We talk a lot as personal chefs about our mission to create healthy meals for families. Part of that mission also includes thinking about where our food comes from. Is it organic? Is it from local farms and ranches? Who made it? Now it’s not always feasible–for cost reasons or just geography–to buy organic, local, and sustainable–but it’s something to strive for. In San Diego, where we have year-round growing seasons and are right on the ocean, it’s become a big deal.

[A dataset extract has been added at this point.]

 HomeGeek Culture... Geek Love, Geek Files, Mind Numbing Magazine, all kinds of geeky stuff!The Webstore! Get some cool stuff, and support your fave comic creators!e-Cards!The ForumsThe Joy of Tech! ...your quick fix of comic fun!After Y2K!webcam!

That includes seafood. One of the premier seafood wholesalers in San Diego is Catalina Offshore Products, founded and owned by Dave Rudie. They got their start decades ago selling sea urchin that Dave would dive for. The company has long since expanded and in the last several years, they’ve positioned themselves as a chef favorite and now a public favorite, thanks to the face of the company, Tommy Gomes.

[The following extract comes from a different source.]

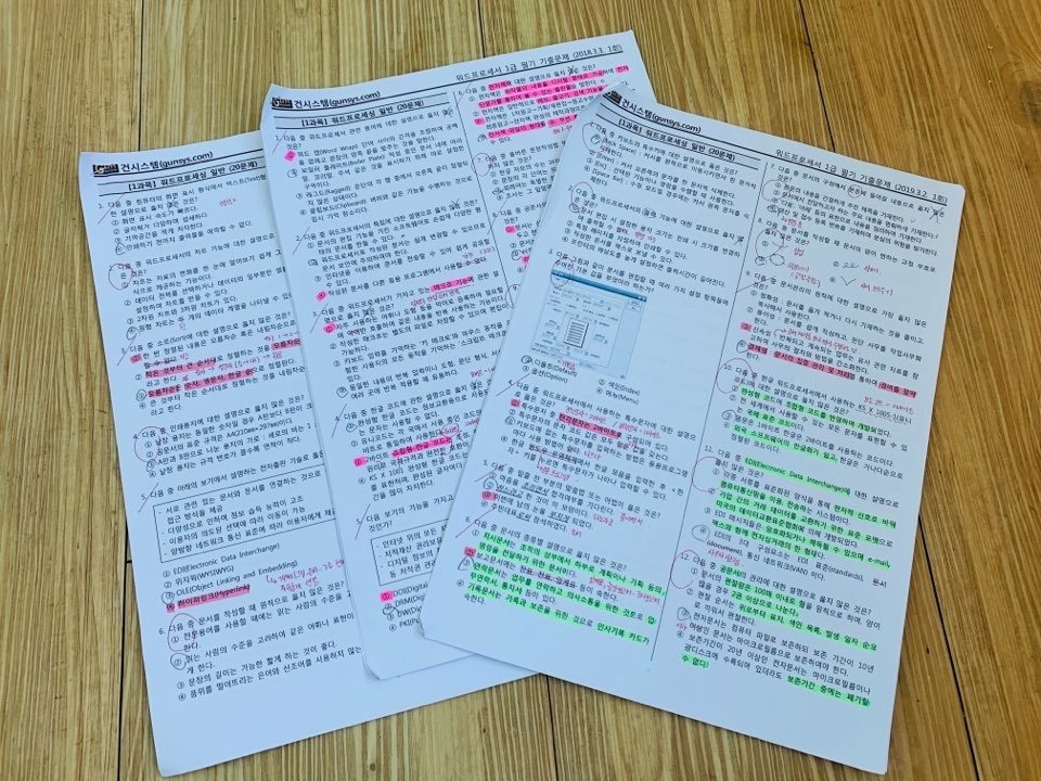 ★을 보시면 '기출문제 3회는 각 과목씩 모아서 공부하기' 라는 말이 있습니다. 말하자면 3회 정도는 각 1과목, 2과목, 3과목을 따로 모아서 풀기를 추천드립니다. 저는 최근 3회의 기출문제를 프린트해서 아무 공부하지 않은 채로 먼저 풀어보았습니다. 제가 쉽다고 말씀은 드렸지만, 컴활 필기 시험을 보고 흩어진 기억들을 가진 채 워드프로세서에 대한 어떠한 지식도 없이 시험을 보니 처참했습니다😝. 그래도 좌절하지 않고 맞은 문제, 틀린 문제 나누지 않고 확인하며 개념들을 익혔습니다.

Tommy comes from a fishing family and is a wealth of knowledge about seafood–and, importantly today, sustainability. While the company doesn’t pretend to be entirely sustainable, they are working hard to do all the right things–and still be profitable. That extends to their recent agreement with non-profit advocacy group Seafood of the Future to label products in ways that help consumers make good choices based on local fisheries in healthy supply by building a network of restaurants, distributors, and producers also committed to fishery sustainability. Catalina Offshore Products uses their guidelines to inform customers of the status of various species they sell. It’s all about transparency.

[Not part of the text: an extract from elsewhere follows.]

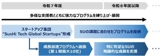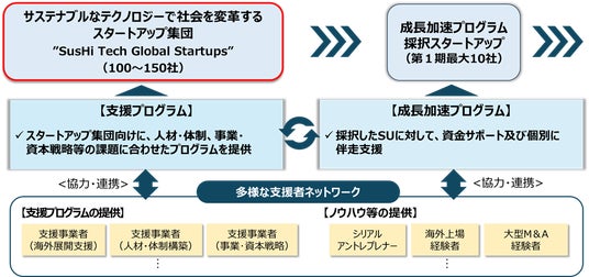 本事業では、所定の要件を満たし、推薦者からの推薦を基に外部有識者が認定したスタートアップで構成される“SusHi Tech Global Startups”に対して、官民を挙げて全方位からの支援を行います。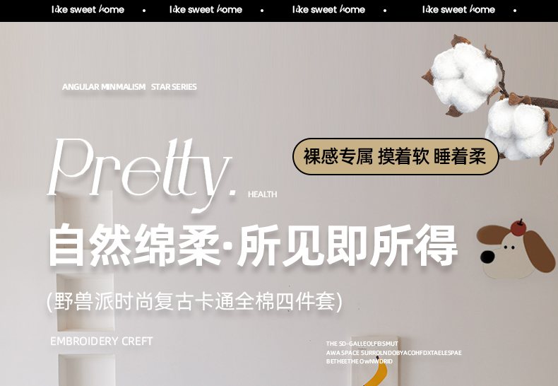 (总)锦觅家纺 2025新款卡通小清新毛巾绣全棉纯棉四件套(大版定位花型),奔跑的狗狗,丛林趣事,蝶恋花(粉紫),蝶恋花(米粉),可爱熊猫,奶油兔兔,嬉戏猫咪,小宇航员

That’s why you’ll still see white shrimp for sale from Baja (which we in San Diego consider local), Bluefin tuna, corvina, and Cabrilla grouper (not on the Seafood for the Future list) alongside approved species like black cod, yellowfin tuna, wild swordfish, and Chilean sea bass. You may still buy the grouper or shrimp, but, hopefully, you’ll think about that purchase, and perhaps also buy some black cod.
Catalina Offshore Products is also interested in getting customers to go beyond just the filet and strive to eat the entire fish–from tail to mouth. To do that, they have weekly in-house cooking demos, primarily by Chef Christopher Logan of Creative Flavors Catering, but also by numerous other chefs who have befriended Tommy and Catalina Offshore Products–and often Tommy himself will wield a spatula over a skillet. Consequently, they have gotten people to fall in love with fish collars and cheeks. Chefs fall all over each other to get livers and eggs and other innards that they transform into exquisite dishes.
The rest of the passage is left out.